Les chercheurs en sécurité ont découvert une nouvelle campagne de compromission des e-mails professionnels (BEC) qui consiste en un harponnage avancé avec des techniques Adversary-in-The-Middle (AiTM). Cette opération est utilisée pour pirater les comptes Microsoft 365 des dirigeants d’entreprise, même s’ils sont en fait protégés par MFA.
Pour détourner une transaction importante vers leurs comptes bancaires, les cyber-escrocs peuvent répondre aux e-mails au moment exact en suivant les communications d’employés de haut rang comme les PDG ou les directeurs financiers de grandes organisations en accédant à leurs comptes.
Ces types d’attaques par compromission des e-mails professionnels sont assez courants lorsqu’un e-mail est envoyé par les pirates à partir du compte piraté au dernier moment. Dans de tels cas, les expéditeurs des fonds sont priés d’effectuer la transaction sur le compte appartenant à celui des pirates.

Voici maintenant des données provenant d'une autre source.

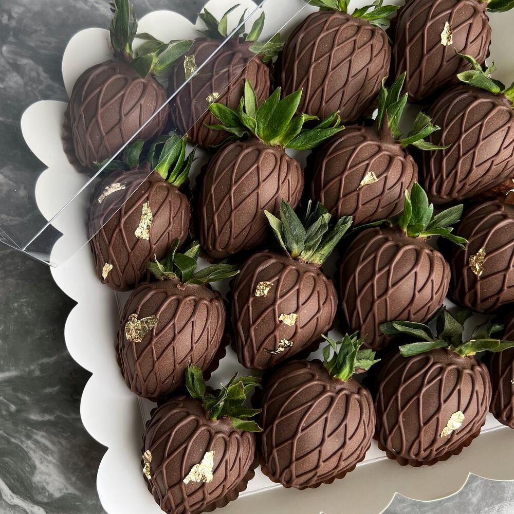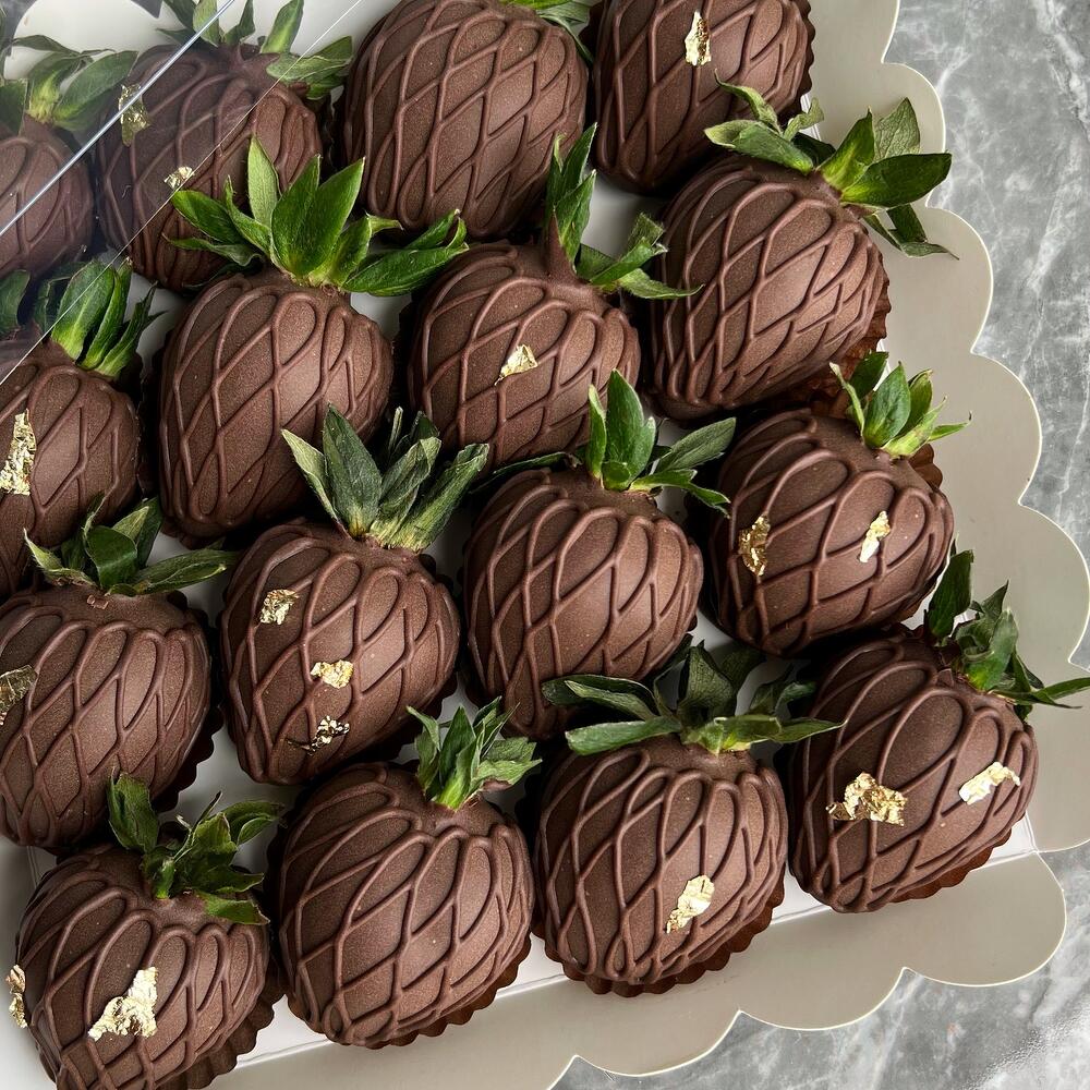Delicious dessert: strawberries in dark chocolate - the perfect gift for any occasion! Box of 16 pieces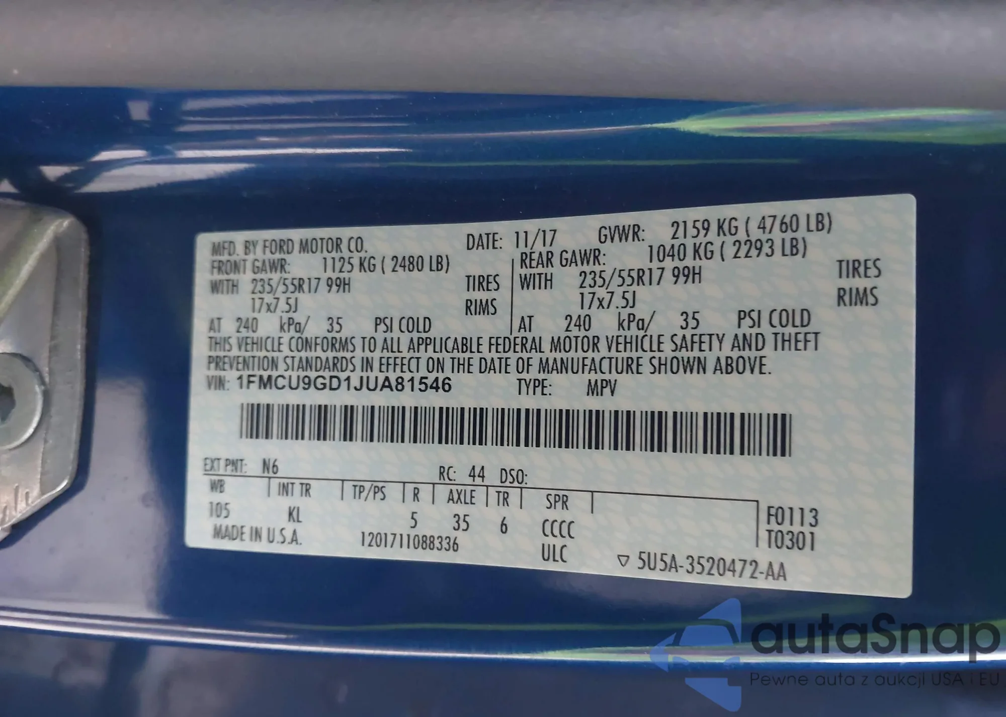 VIN: 1FMCU9GD1JUA81546

La cible de ces e-mails de phishing est informée que le compte bancaire de l’entreprise sur lequel le paiement est généralement effectué a été gelé en raison d’une inspection financière. Ils reçoivent également de nouvelles instructions de paiement et sont invités à changer la destination du compte bancaire. Néanmoins, les personnes derrière ce nouveau compte bancaire sont les pirates qui volent l’argent.
Afin de réussir la campagne en trompant les destinataires, les attaquants détournent les fils de discussion et utilisent des portails de typosquattage qui ont tendance à passer rapidement pour authentiques aux représentants légaux CCed connus de la cible, en les liant dans l’échange.
Du compromis à la persistance MFA
Les dirigeants de l’entreprise ont commencé à être agressés avec un e-mail de phishing conçu pour donner l’impression qu’il provenait de DocuSign, une plate-forme de gestion des accords électroniques largement utilisée dans les environnements d’entreprise.
Même si l’e-mail ne devance pas les vérifications DMARC, Mitiga a remarqué que les erreurs de configuration de sécurité courantes introduites pour réduire les fausses alertes de spam positives de DocuSign l’aidaient à être livré dans la boîte de réception de la cible.